⚡ Labs

Deploying Gemma-based Receipt Extraction API via AWS ECS Express Mode

Deploying Gemma-based Receipt Extraction API via AWS ECS Express Mode

Hello everyone. In this tutorial, we will continue building our receipt extraction application by creating an API on Amazon Elastic Container Services (ECS). We will leverage the Amazon ECR receipt extraction image created in our previous setup. Amazon ECS is a fully managed container orchestration service that allows you to build, manage, and run containers without the overhead of complex infrastructure management.

Requirements

Before proceeding, ensure you have completed or installed the following:

  • Amazon SageMaker AI prerequisite tutorial.
  • An active AWS account.
  • Terraform installed on your local machine to support Infrastructure as Code (IaC).
  • (Optional) Streamlit for building the front-end user interface.

ECS Express Mode

ECS Express Mode allows you to deploy containerized services using Amazon ECR private or public images (as the primary container), relying only on an IAM execution role (AmazonECSTaskExecutionRolePolicy) and an IAM infrastructure role (AmazonECSInfrastructureRoleforExpressGatewayServices).

Additional configurations, such as the IAM task role, are optional. In this setup, we utilize an IAM task role to authorize our container to invoke the SageMaker endpoint. While ECS Express Mode defaults to utilizing the default VPC, we have defined a custom VPC to maintain granular control over our networking topology.

To deploy, create the following Terraform configuration files in a single directory: iam.tf, main.tf, vpc.tf, and ecs.tf. The AWS Console will be used primarily to monitor and verify the deployed resources.

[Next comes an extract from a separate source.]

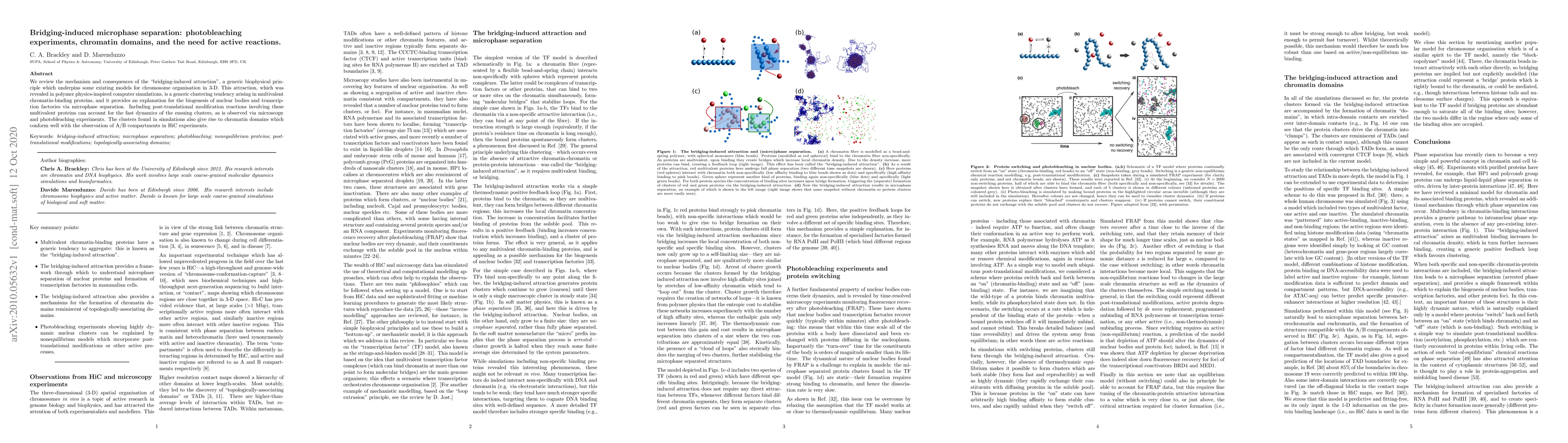We review the mechanism and consequences of the "bridging-induced attraction", a generic biophysical principle which underpins some existing models for chromosome organisation in 3-D. This attraction, which was revealed in polymer physics-inspired computer simulations, is a generic clustering tendency arising in multivalent chromatin-binding proteins, and it provides an explanation for the biogenesis of nuclear bodies and transcription factories via microphase separation. Including post-translational modification reactions involving these multivalent proteins can account for the fast dynamics of the ensuing clusters, as is observed via microscopy and photobleaching experiments. The clusters found in simulations also give rise to chromatin domains which conform well with the observation of A/B compartments in HiC experiments.

Below is the ecs.tf configuration file for setting up the ECS Cluster and the ECS Express Service connected to our Gemma-based receipt extraction image:

# Create ECS Cluster
resource "aws_ecs_cluster" "fastapiecs" {
  name = "fastapiecs"
}

# Create ECS Express Service that linked with receipt extraction ECR image
resource "aws_ecs_express_gateway_service" "fastapi" {
  cluster                 = aws_ecs_cluster.fastapiecs.name
  execution_role_arn      = aws_iam_role.execution.arn
  infrastructure_role_arn = aws_iam_role.infrastructure.arn
  task_role_arn           = aws_iam_role.task.arn
  health_check_path       = "/health"
  cpu                     = "256"
  memory                  = "512"
  region                  = data.aws_region.current.region

  primary_container {
    image          = "${local.account_id}.dkr.ecr.${local.region}.amazonaws.com/receipt-extraction-gemma-4:latest"
    container_port = 8000
  }

  network_configuration {
    subnets         = aws_subnet.public[*].id
    security_groups = [aws_security_group.alb_sg.id]
  }

  scaling_target {
    auto_scaling_metric       = "AVERAGE_CPU"
    auto_scaling_target_value = 70
    min_task_count            = 1
    max_task_count            = 3
  }
}

Terraform Configuration Breakdown

Here is an explanation of the core blocks in the ecs.tf file:

  • execution_role_arn, infrastructure_role_arn, and task_role_arn: Retrieve the corresponding IAM role ARNs from iam.tf to grant proper execution and service invocation permissions.
  • health_check_path: Defines the endpoint used by ECS to monitor the health of our FastAPI ECR container.
  • container_port: Specifies port 8000 as the listening port for our API container.
  • network_configuration: Sets up the subnets and security groups to handle inbound and outbound traffic.
  • scaling_target: Configures auto-scaling based on average CPU utilization, scaling tasks dynamically between 1 and 3 instances to manage load.
[AgentUpdate Depth Analysis]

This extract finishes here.